_Exercise objective_
Range to copy from the entries below: the line containing "The Arduino GSM" through the line containing "Кубки, которые блестят", inclusive. Retype only those lines, exactly, without any images.

_Material supplied_
┌──

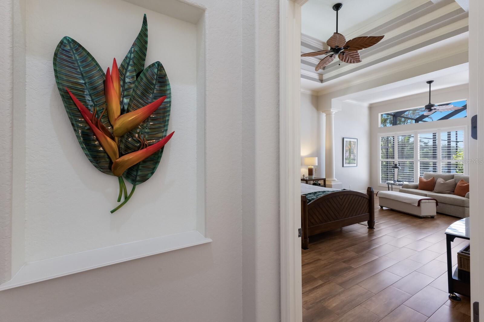 Serenity, sophistication, and sweeping lakefront views converge in this exceptional estate, located within the prestigious gated community of Red Hawk Reserve. Set on a premium homesite and thoughtfully crafted for both elegant living and effortless entertaining, this 3,586 sq. ft. residence offers four bedrooms, three bathrooms, a dedicated office, a flexible studio or fifth bedroom, and an expansive 400+ sq. ft. bonus room. From the moment you step inside, you're welcomed by soaring ceilings, abundant natural light, and timeless architectural details that create a sense of openness and grandeur. At the heart of the home lies a gourmet kitchen, beautifully appointed with designer cabinetry, a custom wood range hood, granite countertops, under-cabinet lighting, a center island with breakfast bar, and high-end stainless steel appliances. Adjacent to the kitchen, a cozy dinette framed by a sweeping aquarium window offers the perfect setting to enjoy your morning coffee while overlooking the pool and tranquil lake. The primary suite is a private retreat, complete with serene views, dual custom walk-in closets with upgraded built-ins, and a spa-inspired en-suite bath featuring a Roman shower, soaking tub, and separate vanities. Step outside to your resort-style oasis—an expansive wrap-around lanai with brick pavers, a heated pool and spa, and lush tropical landscaping, all set against the backdrop of shimmering lake views. An oversized three-car garage offers generous built-in storage and overhead racks. At the same time, the community provides added peace of mind with a virtual guard gate, high-resolution security, and reclaimed water irrigation. Located within an A-rated school district and just minutes from the world-renowned Siesta Key Beach, this remarkable residence embodies the essence of Florida luxury living.
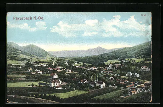 AK Payerbach, Ortsansicht mit Umgebung und Bergblick
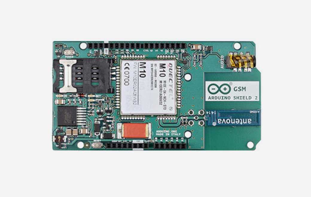 The Arduino GSM Shield 2 allows an Arduino board to connect to the internet, make/receive voice calls and send/receive SMS messages. The shield uses a radio modem M10 by Quectel. It is possible to communicate with the board using AT commands. The GSM library has a large number of methods for communication with the shield.
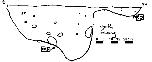 V-SHAPED NO FINDS. NO DAUB OR CHARCOAL FLECKING. NO PACKING EVIDENT ALTHOUGH POST PIPE MAY BE IN THE NORTH. CHALK INC 15% 0.5-2 CM IN DIAMETER.
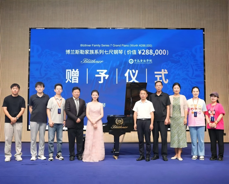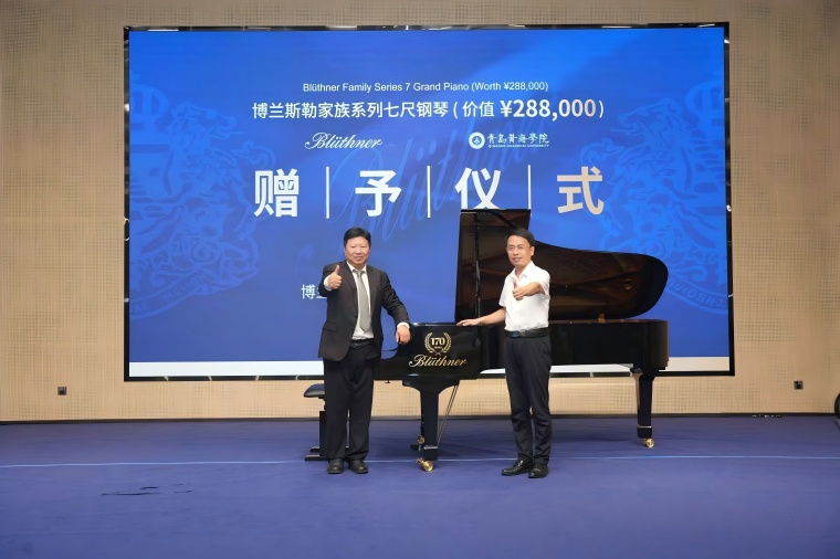 有著172年歷史的德國國寶級鋼琴品牌博蘭斯勒鋼琴,以“黃金音色”聞名。博蘭斯勒集團將一臺價值28.8萬元的家族系列七尺演奏級三角鋼琴贈予青島黃海學院。
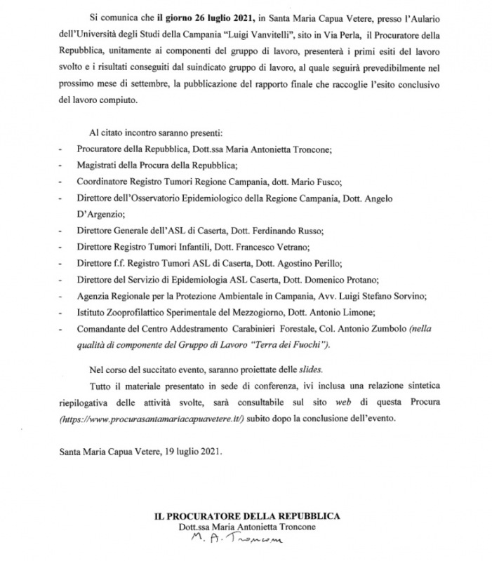 Questa la nota stampa della Procura di SMCV:
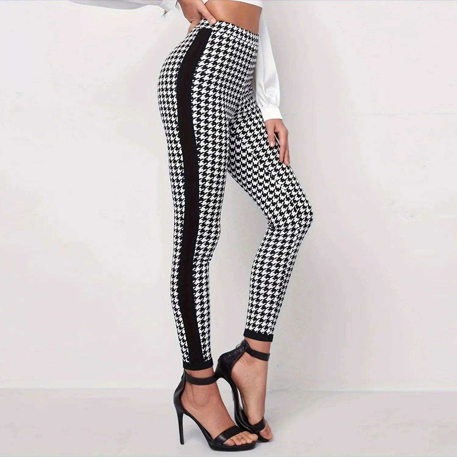 | Product Name | Autumn And Winter Houndstooth Print Trousers Black Stripes Patchwork Slim High Waist Pencil Pants |
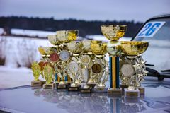 Кубки, которые блестят на фоне зимнего заката.
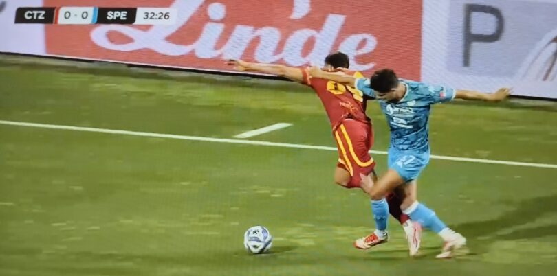 A inizio ripresa, dopo due minuti, ancora un giallo per lo Spezia: il Catanzaro sta attaccando e il pallone esce alto dall’area bianconera verso la trequarti, con Scognamillo che anticipa nettamente Pio Esposito, che, in uno dei tanti duelli col “russo”, spinge il giallorosso da dietro, meritando l’ammonizione.
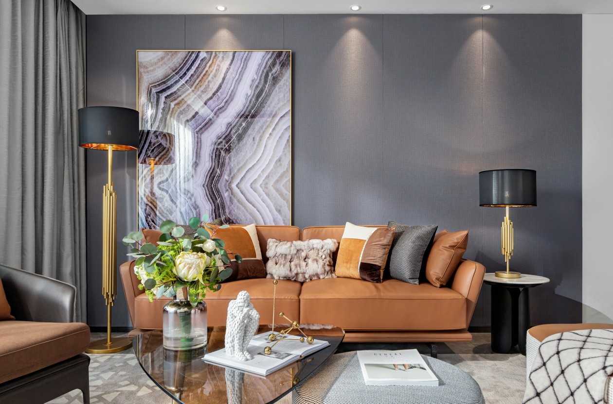 本案风格为现代港式风格,采用时尚精简、低调内敛的***灰是用于家居装扮的***基调色彩,呈现优雅魅力和精致大气的视觉感官,符合人们对现代生活的审美需求。同理,作为潮流都市代表色之一的暖橙,伊派设计在居家设计中的运用中,让空间张扬不浮夸、经典且时尚,成为永恒不变的***品味。

└──

_Completed exercise_
 The Arduino GSM Shield 2 allows an Arduino board to connect to the internet, make/receive voice calls and send/receive SMS messages. The shield uses a radio modem M10 by Quectel. It is possible to communicate with the board using AT commands. The GSM library has a large number of methods for communication with the shield.
 V-SHAPED NO FINDS. NO DAUB OR CHARCOAL FLECKING. NO PACKING EVIDENT ALTHOUGH POST PIPE MAY BE IN THE NORTH. CHALK INC 15% 0.5-2 CM IN DIAMETER.
 有著172年歷史的德國國寶級鋼琴品牌博蘭斯勒鋼琴,以“黃金音色”聞名。博蘭斯勒集團將一臺價值28.8萬元的家族系列七尺演奏級三角鋼琴贈予青島黃海學院。
 Questa la nota stampa della Procura di SMCV:
 | Product Name | Autumn And Winter Houndstooth Print Trousers Black Stripes Patchwork Slim High Waist Pencil Pants |
 Кубки, которые блестят на фоне зимнего заката.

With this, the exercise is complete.